Алиса встает и делает знак стражникам. Блаженная, широко улыбаясь, поднимается на ноги. Она заставила архиепископа вздрогнуть и похолодеть, а генеральный стряпчий чуть не прослезился от ее слов об ошпаренных младенцах. Ей кажется, она побеждает, но она проигрывает, проигрывает, все время проигрывает. Алиса опускает нежную ладонь ей на плечо, однако блаженная стряхивает ее руку.
Снаружи Ричард Рич говорит:
– Придется ее сжечь.
– Как бы нам ни претили ее россказни о встречах с покойным кардиналом и дьяволе в келье, – возражает Кранмер, – она просто пытается подражать, как ее учили, историям дев, которых Рим почитает святыми. Я не могу задним числом осудить их за ересь, как не вижу ереси в ее бреднях.
– Я имел в виду – сжечь за измену.
Костер – наказание для женщин, мужчин за измену душат до полусмерти, оскопляют и потрошат.
– Она не совершила ничего дурного, – замечает Кромвель. – Ей можно вменить в вину только намерения.

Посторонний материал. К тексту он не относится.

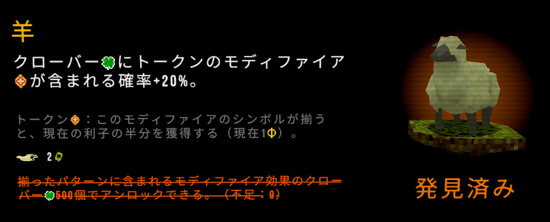 【CloverPit攻略】ラッキーチャーム一覧まとめ【クローバーピット】 AD ゲーム&アプリ 2025.10.152025.10.21 楽しいギャンブルゲーム『CloverPit(クローバーピット)』のラッキーチャームをまとめました。 CloverPit攻略ラッキーチャームエンディングメモリーカードストーリー考察 目次 ラッキーチャームまとめ白電話によって解放されるもの ラッキーチャームまとめ AD AD AD 白電話によって解放されるもの 黒塗りで隠されていますが、666を999にすることによって発生する白電話にて、解放することができます。詳細:エンディング。 AD CloverPit攻略ラッキーチャームエンディングメモリーカードストーリー考察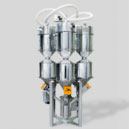 GRAVIBLEND can be used for flow rates from 0.2 to 1200 dm³/h (at a bulk density of 0.5 kg/dm³) per station and for free-flowing plastic granules with product temperatures up to max. 180 °C. (Observe design guidelines) The typical maximum flow rate of 1500 kg/h per line should not be exceeded. GRAVIBLEND models are available with max. 4 or 8 dosing stations.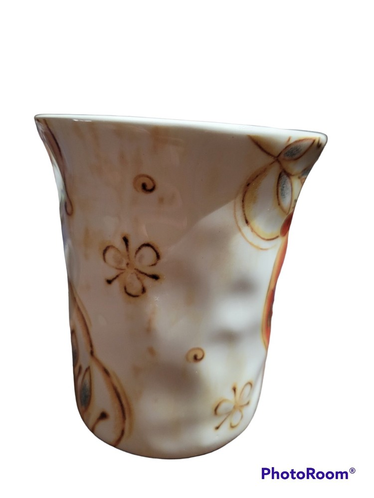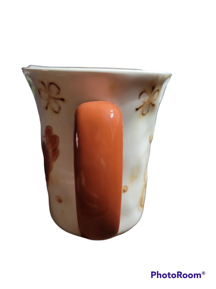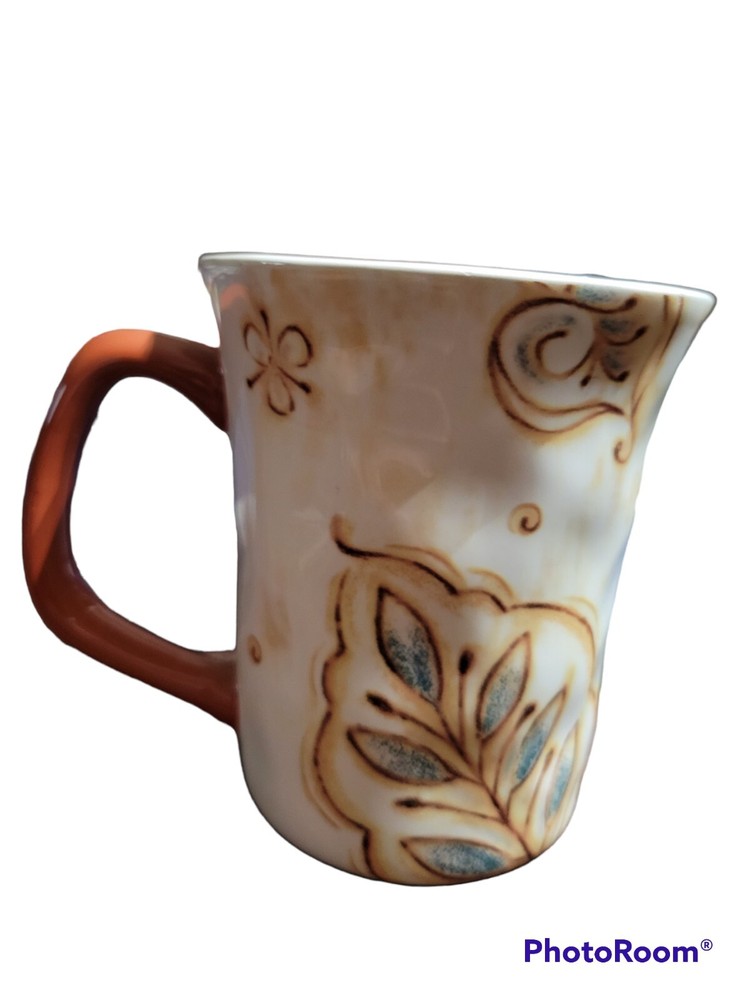 Pier 1 Imports Large Stoneware Ceramic White Orange Coffee Textured Mug Gallo.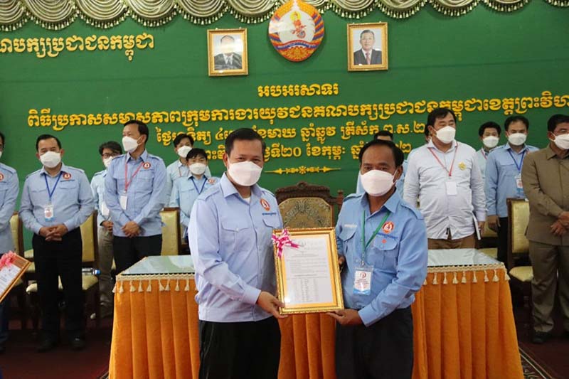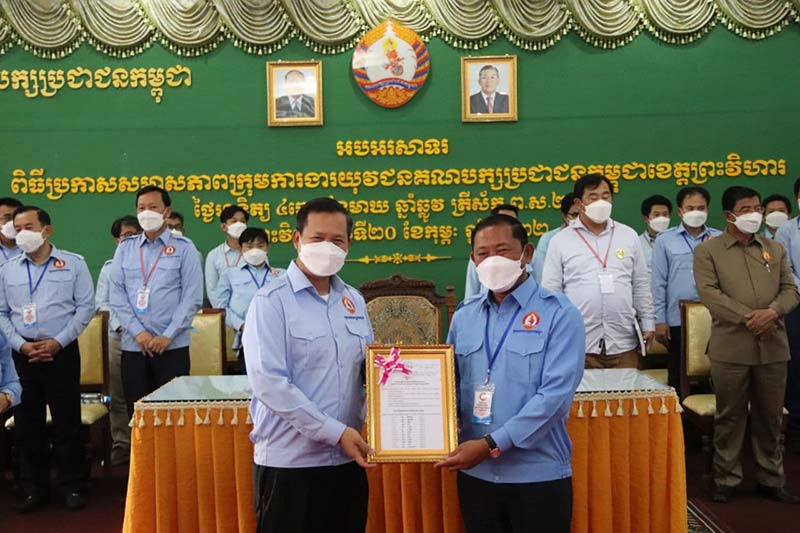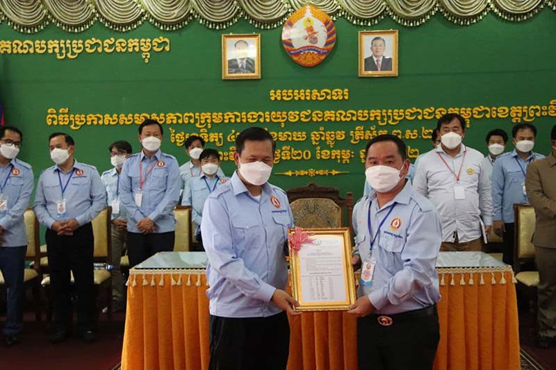 ព្រះវិហារ៖ ឯកឧត្ដម ហ៊ុន ម៉ាណែត សមាជិកគណៈអចិន្ត្រៃយ៍នៃគណៈកម្មាធិការកណ្តាល និងជាប្រធានយុវជនគណបក្សប្រជាជនកម្ពុជាថ្នាក់កណ្តាល នារសៀលថ្ងៃទី២០ ខែកុម្ភៈ ឆ្នាំ២០២២ បានអញ្ជើញជាអធិបតីប្រកាសសមាសភាពក្រុមការងារយុវជនគណបក្សខេត្តព្រះវិហារ។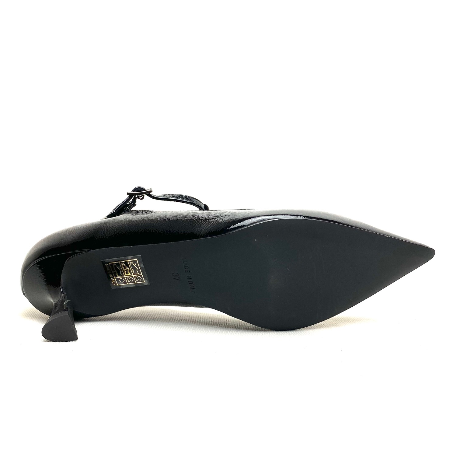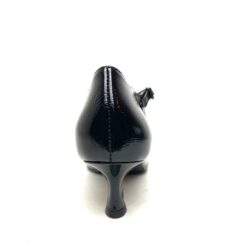 Scarpa forma a punta, modello t-strap in pelle naplack nera, fodera pelle e sottopiede morbido, fondo gomma e tacco a rocchetto cm 5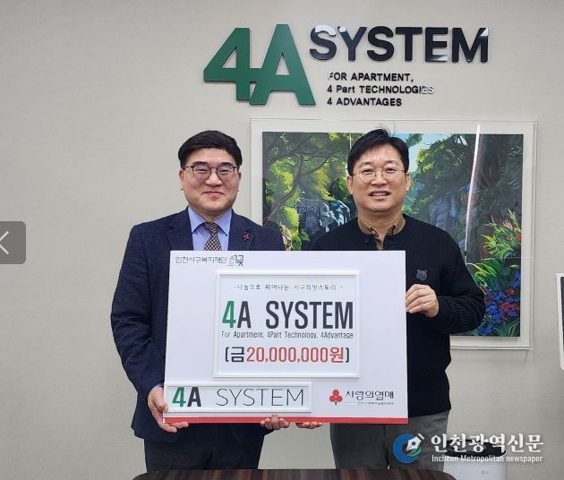[인천광역신문] 박진 기자 | (주)포에이시스템(대표 김소중)은 지난 22일 인천서구복지재단(이사장 강범석)에 취약계층을 위한 지원사업을 위하여 2천만 원을 기탁했다.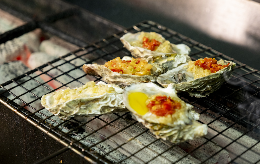 烤生蚝则有纯粹清烧的吃法,即是开好、处理干净以后放在炉上面烧烤,熟了吃时蘸芥末酱油,或者加蒜蓉酱烤制,还有一些加芝士、加鸡蛋的特色烤法。但最重要的前提,便是生蚝要足够新鲜,开渔期到来,为生猛的烧烤提供了最具优势的条件。

– Намерение поднять бунт, сместить короля – разве это не измена? Слова могут быть истолкованы как измена, есть прецеденты, сами знаете.
– Я бы удивился, – говорит Одли, – если бы это обстоятельство ускользнуло от Кромвеля.
Их словно преследует вонь дьявольской слюны, и, чуть ли не толкаясь, они выскакивают на свежий воздух, мягкий и влажный: в нежный аромат листвы, в золотисто-зеленое шуршание. Он понимает, что в грядущие годы измена обретет новые, неведомые прежде формы. Когда принимался последний акт об измене, никто не мог распространять свои слова в виде книг или листовок, поскольку до печатных книг еще не додумались. На краткий миг его охватывает зависть к мертвым, служившим королю во времена не столь торопливые; ныне измышления продажных и отравленных умов разносятся по Европе за какой-нибудь месяц.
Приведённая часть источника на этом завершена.